Over Xmas & New Years, I was away from computer a fair bit and I actually got some reading done. It was fantastic. So, not really a New Yrs resolution or anything, but just by happenstance, I was reading more, and even better, got back on the novel horse, and am chugging along through Chapter 8 of the new one (that’s about half-way done the whole thing, roughly). Feels good.
Patrick posted this about books he read in 2006 (well done); and Julien plans to read 52 - a book a week - in 2007. So I am going to jump in and join the fray.
I tried doing the book-a-week thing in 2005, I think, and got stalled. That always happens. Well, I shall try again this year. Maybe we can have a weekly support-group meeting.
Normally my reading modus is one novel and one non-fiction book at the same time. For the record, here are the last 5 books I have read, with the following star ratings:
*** to be stored on my top shelf, to the left of my desk
** please return after you are done with it
* satisfactory
ZERO a book I did not like
***Henderson the Rain King, by Saul Bellow
*The God Delusion, by Richard Dawkins (explanation for my rating coming here soon)
**A Clockwork Orange, by Anthony Burgess
***Notes on a Catastrophe, by Elizabeth Kolbert
**The Upside of Down, by Thomas Homer-Dixon
(I note that I have been very lucky with these last reads … ususally I don’t have so many 2/3-stars to give out)
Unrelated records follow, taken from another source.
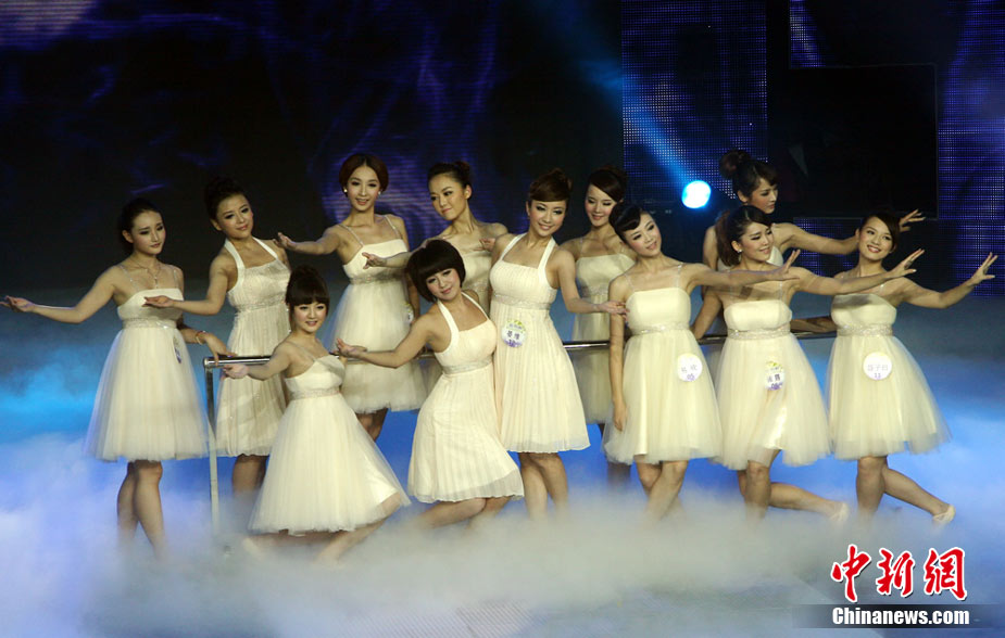 9月12日晚,湖南娛樂頻道2010年度星姐選舉決選月第四場形體秀絢麗上演。星姐12強(qiáng)佳麗身著泳裝,手拿玩具或者運動裝備,在動感的旋律中逐個亮相,展示青春完美體態(tài)。圖為8號佳麗謝綠路(右一)從12位準(zhǔn)星姐中脫穎而出,榮獲了“完美體態(tài)獎”。中新社記者 鄧霞 攝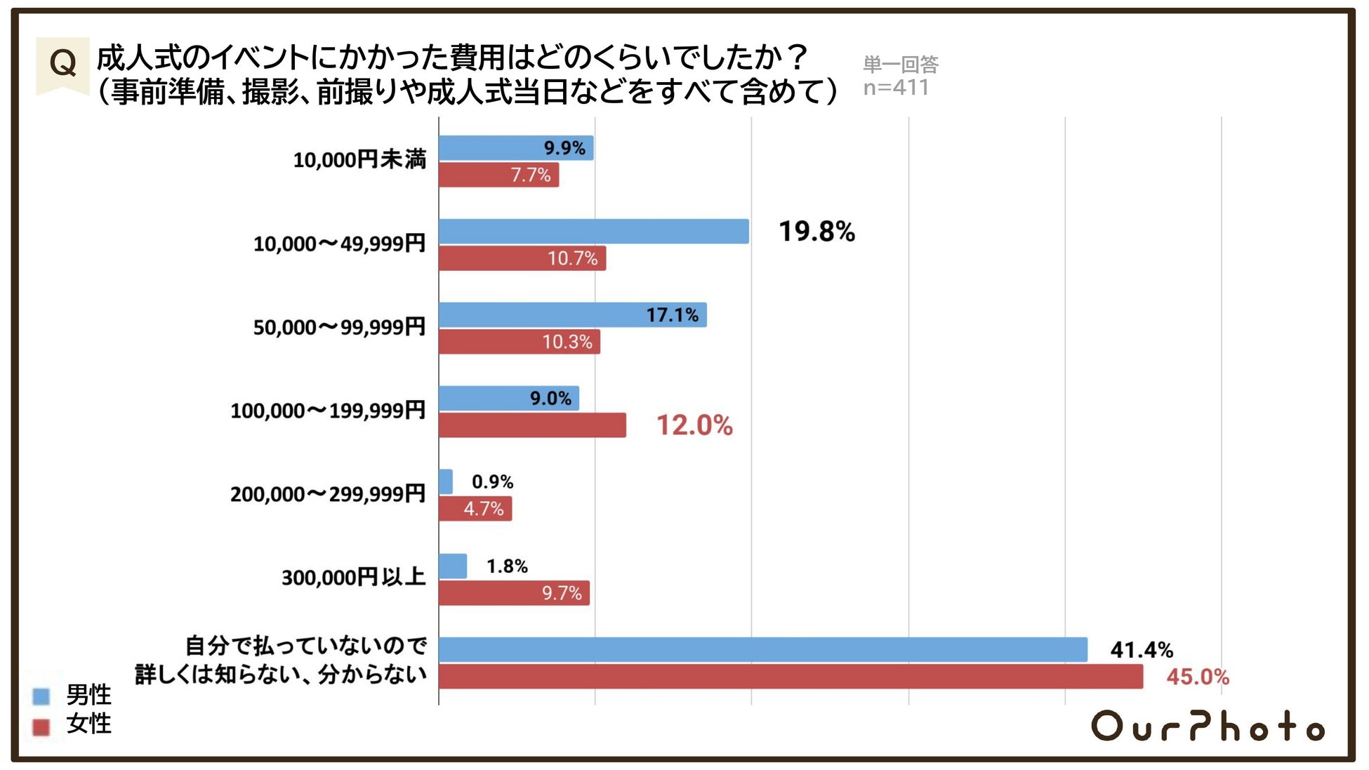 また、費用面でも男女間に大きな違いが見られ、女性は「100,000~199,999円」(12.0%)が最多だったのに対し、男性は「10,000~49,999円」(19.8%)が最も多いという結果になりました。
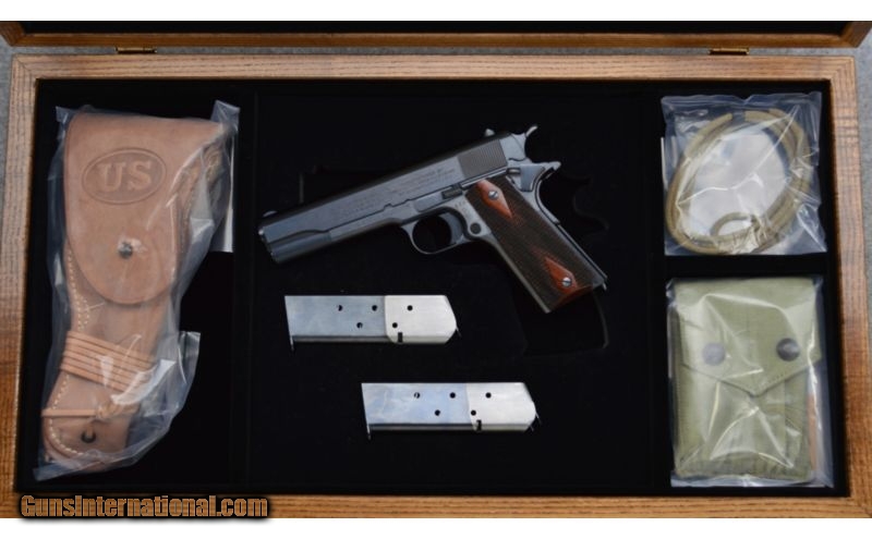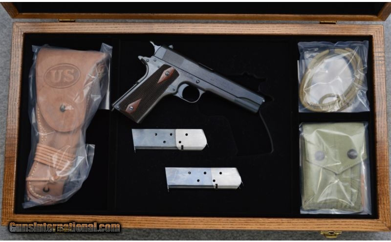 Description: Excellent condition with display case and accessories. Extra 7 round capacity two-tone magazine. SOLD Manufacturer: Circa: 2014 Caliber Info: .45 Automatic Colt Pistol Metal Condition: Excellent Wood Condition: Excellent Bore Condition: Excellent Barrels: 5 Triggers: Single Action Stock: Diamond Checkered Walnut Grips Weight: 2 lbs. 4 ozs. Sights: Fixed Open Sights Item Location: Hamburg, PA |
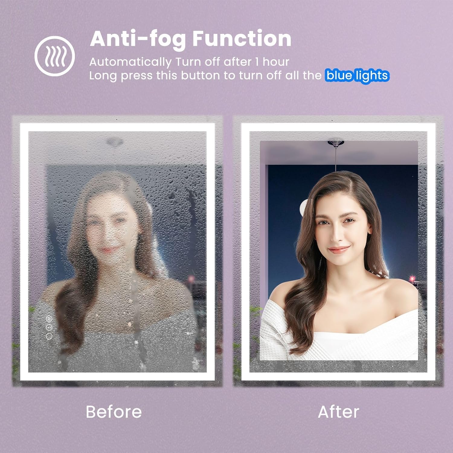 • [No more foggy mirrors! ] Amorho mirror supports fog removal function, which can quickly clear the fog of the mirror surface in 1 minute. And shut off automatically after one hour

And here is my reading plan for the next little while, subject to change of course:
Fiction:
-Kafka on the Shore, by Haruki Murakami
-Lullabies for Little Criminals, by Montrealer Heather O’Neil (really looking forward to this one)
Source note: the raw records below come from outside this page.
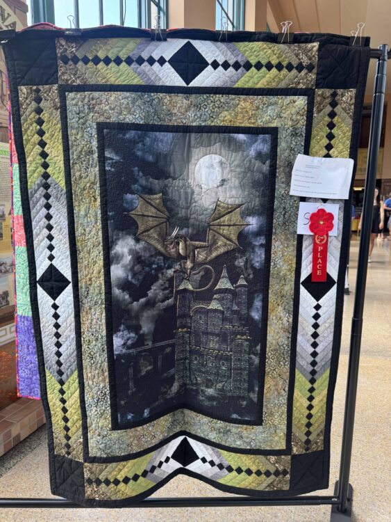 Built around a dramatic central panel featuring a soaring dragon silhouetted against a full moon and a gothic castle, the quilt draws viewers into a fantasy world. The piece was machine pieced and machine quilted in 2024, blending technical skill with creative vision.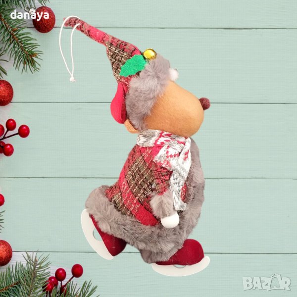 Коледна фигурка, която има въженце за закачане на коледната елха, на стена, врата, или предмет. Коледна украса за окачване еленът Рудолф със звънче на шапката си. Симпатичен коледен декор, украса за дом или офис. Коледна играчка, изработена от текстилни материали.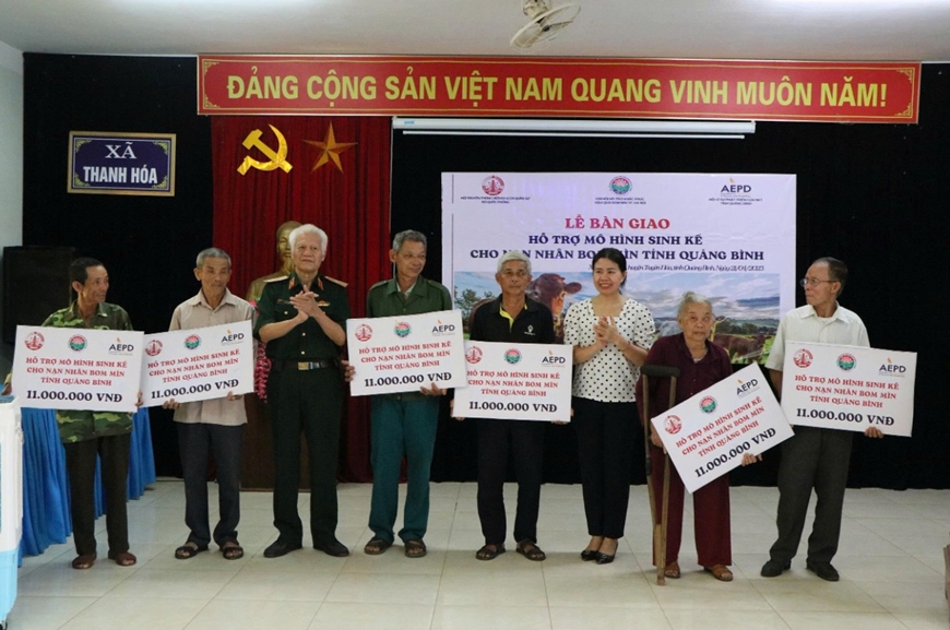 | Bà Nguyễn Thị Thanh Hồng và cán bộ Hội Hỗ trợ khắc phục hậu quả bom mìn Việt Nam trao hỗ trợ sinh kế cho nạn nhân bom mìn ở xã Thanh Hóa, Quảng Bình năm 2023. Ảnh do AEPD cung cấp |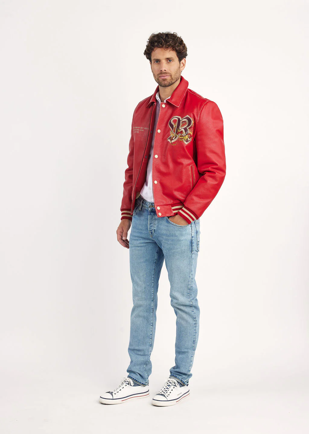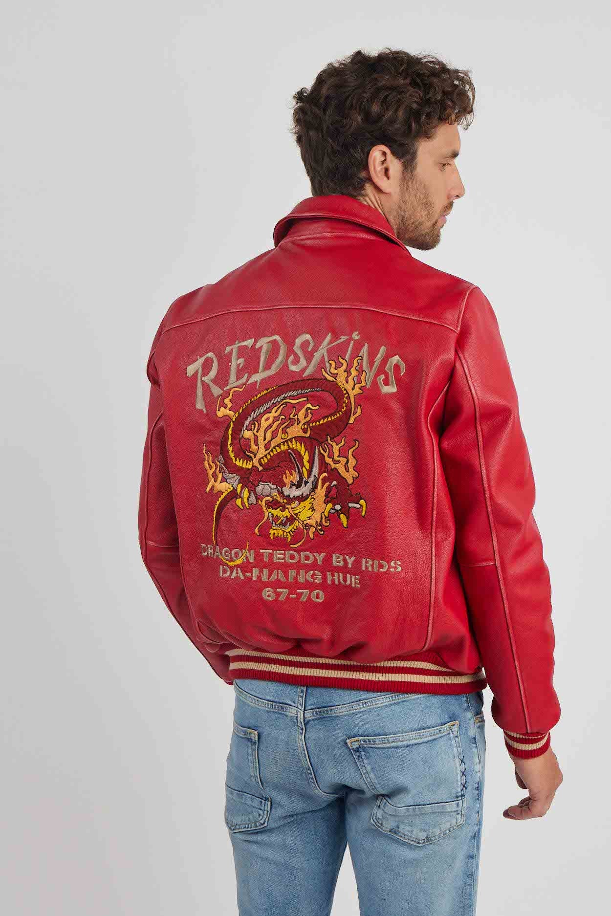 Découvrez le CUIR DRAGON COHIBA, veste style oversize, broderie d’un dragon et de « Redskins » dans le dos, broderie « R » sur la face avant gauche et broderie d’un petit texte sur la face avant droite, 2 poches passepoilées latérales, fermeture à boutons de pressions, parfait pour un style moderne et attrayant, composition : cuir de vache, nos produits sont cintrés, il est recommandé de prendre une taille au dessus !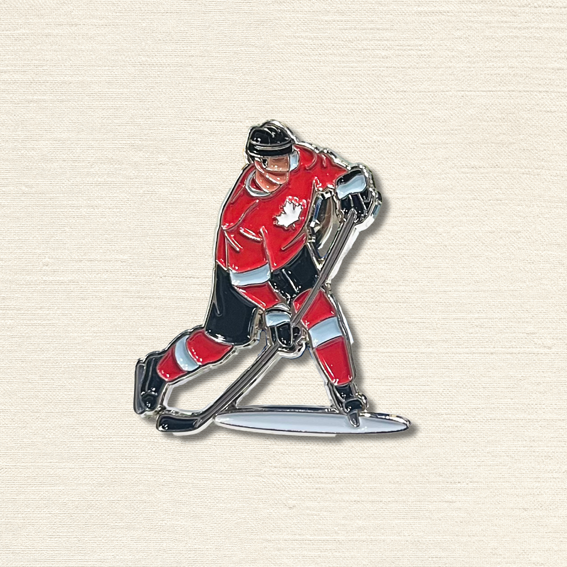 This dynamic enamel pin captures the energy and pride of Canada’s national sport—ice hockey. Featuring a player mid-action in the iconic red and white maple leaf jersey, the design evokes passion, resilience, and team spirit. With sleek lines and bold colors, it celebrates the heart of Canadian identity and the emotions that unite fans from coast to coast.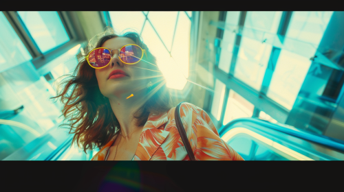 happy woman climbing escalatorr. 4k bright cinematic colors. --ar 16:9 --v 6.0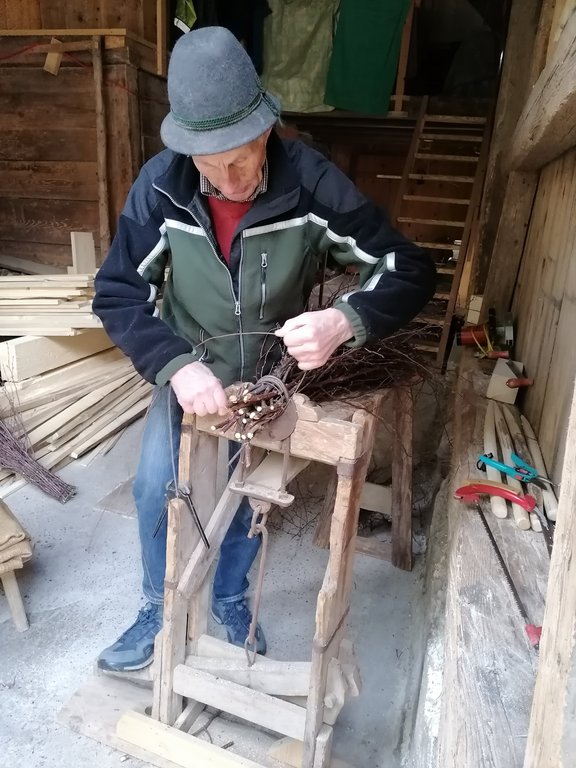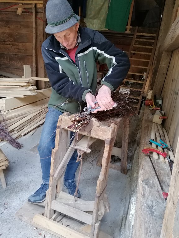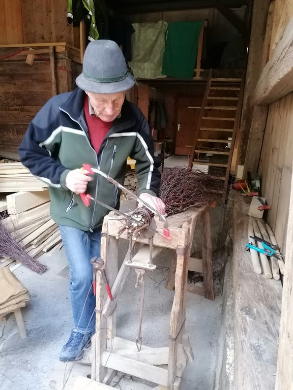 Herr Düringer zeigte uns wissbegierigen Frauen wie man einen Reisigbesen herstellt:

-Against the Day, by Thomas Pynchon
-Brothers Karamazov, by Fyodor Dostoyevski
-Slow Man, by JM Coetzee
-A Complicated Kindness, by Miriam Toews
-The Time in Between, David Bergen
Non-Fiction:
-Programming the Universe, by Seth Lloyd
-The Wealth of Networks, by Yochai Benkler
-The Human Touch, Michael Frayne
-The Selfish Gene, by Richard Dawkins
-America at the Crossroads, by Francis Fukayama
-Hubris, by Michael Iskoff and David Corn
-The Prince of the Marshes, by Rory Stewart
I think I need to throw some candy in there to get through it all. And that gets me to mid-April, roughly.